Cardinal Newman’s Anya Choice Was A Near-Unstoppable Force For The North Coast Section Open Finalists •
We had a hand in her face,” recalls Salesian-Richmond coach Steve Pezzola. “We had a hand above her face. Her release just got quicker and higher.
“She became unstoppable.”
“I was definitely in a zone,” Anya Choice said. “I didn’t want to lose — I refused to lose that game. Every shot I put up was with 100 percent confidence.”
And they just kept going in for the Cardinal Newman-Santa Rosa senior, as she capped arguably the best season for a girl from Northern California with one of the most spectacular performances of any season: 43 points, including 34 of her team’s 39 in the second half.
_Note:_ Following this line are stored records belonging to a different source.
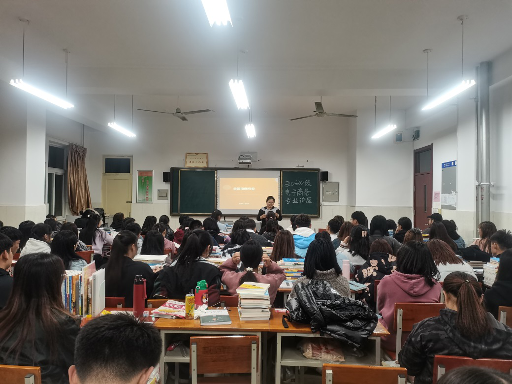 10月28日,我校职业教育学院会计专业、校企合作的互联网金融、大数据技术与应用、电子商务和市场营销专业举办了专业讲座。4位企业专业负责人郑科宇、钟俊飞、范志霞和李铭从专业演进、发展方向、专业领域人才需求趋势、就业岗位和企业办学实力等方面给学生做了专业介绍。我校专业负责人张水莉、吴兴文、王桂东和马丽老师对专业管理、专业教学、学习方法和“1+X”证书等做了介绍,强调了教育部“取消毕业前补考等‘清考’行为”的规定,要求学生不得因为专升本而影响正常的专业学习,对三年的教学时间安排做了说明,前4个学期在校学习,第5学期为企业训练,第6学期为顶岗实习。
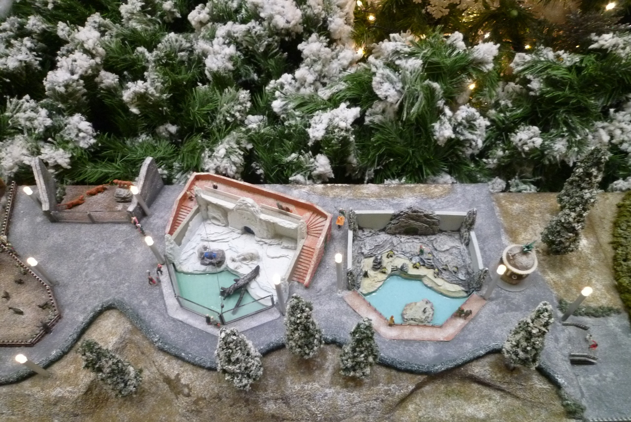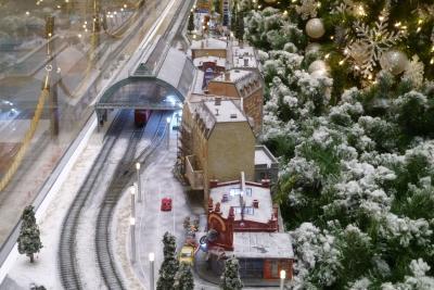 トレッサ横浜の、クリスマス向けのジオラマが展示されている。
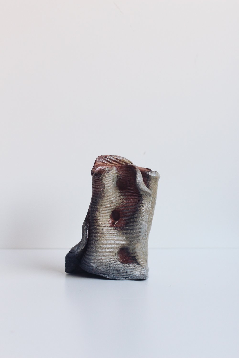 Folded Slab woodfired at Oxford University Kilns for 5 days. Ash deposits. Carbon trapping. Finger pressure points.
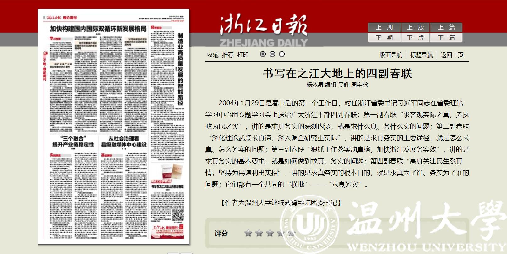 这四副春联,七十二字,字字珠玑,道尽了地方治理的千变万化,但万变不离其宗的是“求真务实”这四字箴言,恰如习近平同志在浙江工作期间“为官一任、造福一方”的真实写照。
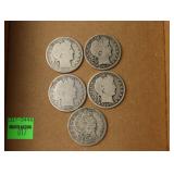 (5) Barber Half Dollars 1905-S, 1906, 1907-O, 1912-D, 1906-O
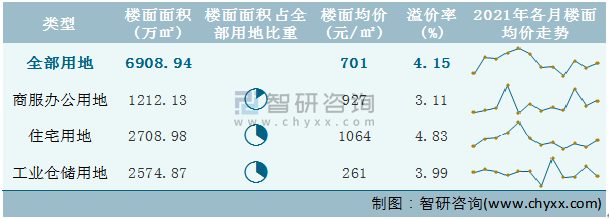 根據(jù)國信房地產(chǎn)信息網(wǎng)數(shù)據(jù)統(tǒng)計(jì)可知:2021年12月云南省全部用地出讓地面均價(jià)為1192元/㎡,其中住宅用地出讓地面均價(jià)最高(2280元/㎡),全部用地成交地面均價(jià)為1148元/㎡,其中住宅用地成交地面均價(jià)為2439元/㎡,高于商服辦公用地成交地面均價(jià);2021年1-12月云南省住宅用地樓面面積占其全部用地比重最多,為39.21%,溢價(jià)率為4.83%。
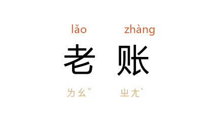 ⒈ 亦作“老帐”。旧债。亦指过去事件的记录或未了结的事。
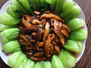 6.最后把炒好的香菇盛在摆好的油菜盘上 大功告成。

Cardinal Newman beat favored Salesian 64-59 in the North Coast Section Open semifinal.
“She didn’t really force any shots,” Pezzola said. “If she had an angstrom of room, she shot it. We didn’t do a box-and-one or double-team her because we knew she was a very good passer – and few players can score at will against our good defenders.”
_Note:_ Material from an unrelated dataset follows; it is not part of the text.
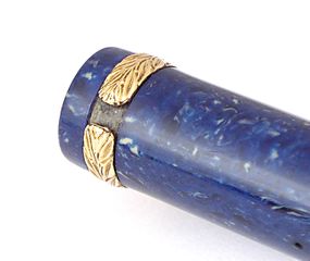 Photo of a pen produced by Aurora. Model: Aurora Duplex. Filling system: lever filler. In lapis blue celluloid.
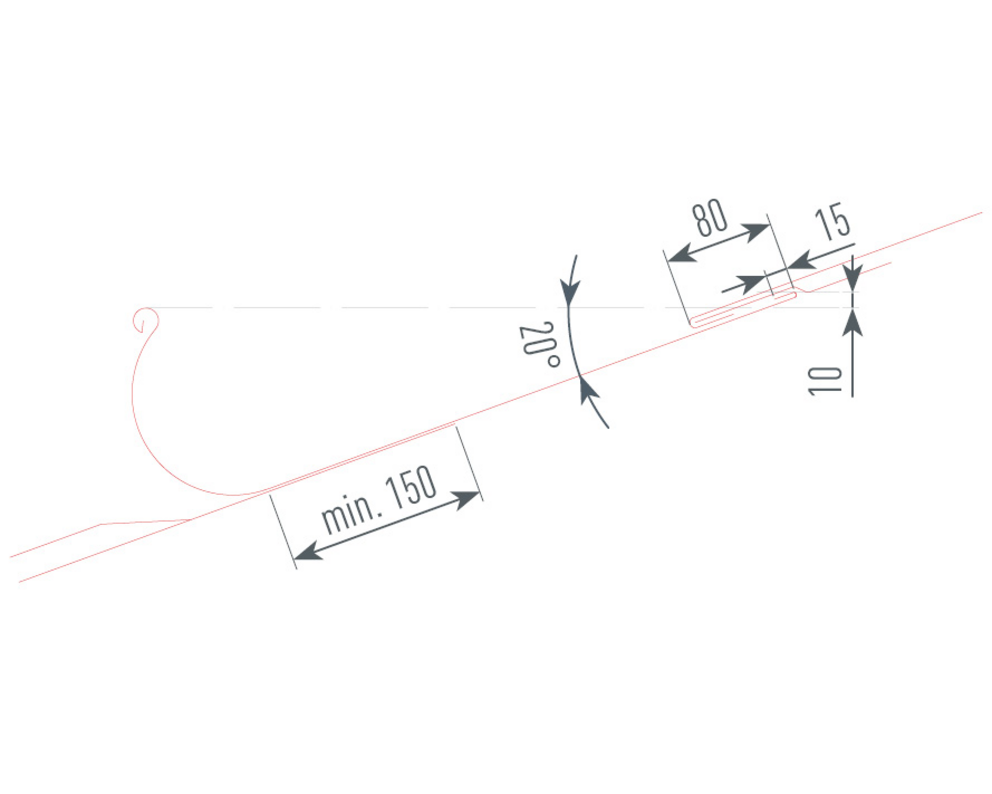 Es ist darauf zu achten, dass die dachseitige Rückkantung um 10 mm höher liegt als die Saumrinnenvorderseite. Daraus ergibt sich bei der PREFA Saumrinne eine Mindestdachneigung von 20° (siehe Abbildung unten).

But Choice scored all season, averaging 24.3 points a game for 29-4 Cardinal Newman, even though she was the primary threat that every opponent focused on. Don’t think, however, that Choice is just a volume scorer — code for a player who just shoots the ball every time down the floor. As Pezzola said, she’s an excellent passer and, as her coach with club team Cal Stars Kelly Sopak said, “She’s a bulldog defender.”
Choice’s success is no accident. Not only does she have a ferocious work ethic, she has basketball in her DNA.
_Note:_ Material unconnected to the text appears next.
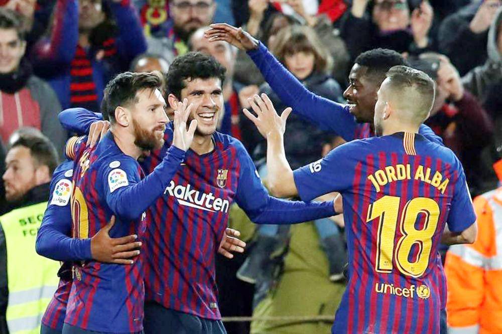 فرحة لاعبي برشلونة بالفوز على فياريال في الدوري الإسباني.
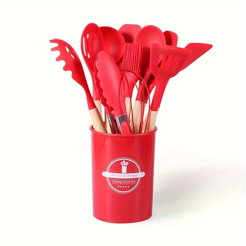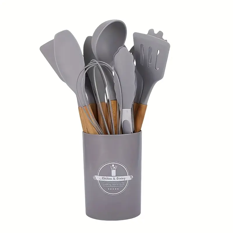 12pcs, Non-Stick Silicone Kitchen Utensil Set with Wooden Handles

Andrea Phillips, Choice’s mom, was a star at Ursuline High School (which has since merged with Cardinal Newman). Cardinal Newman basketball coach Monica Mertle remembers watching Phillips play.
“On my mom’s side,” said Choice, “there are a lot of athletes.”
She remembers being hooked immediately after she first played basketball with her cousins at family gatherings.
“I played a little volleyball in middle school,” she said, “and some soccer when I was young, but it’s always been basketball.”
She started playing in fourth grade, but it wasn’t until middle school that it began to dawn on her she could be pretty good at the game. “I realized that around seventh grade,” she said, “but a lot of people saw it in me earlier.”
And even though Choice characterizes herself as “a confident player,” one of the hurdles she had to overcome was believing in herself. She credits Mertle for helping her understand just how good she could be.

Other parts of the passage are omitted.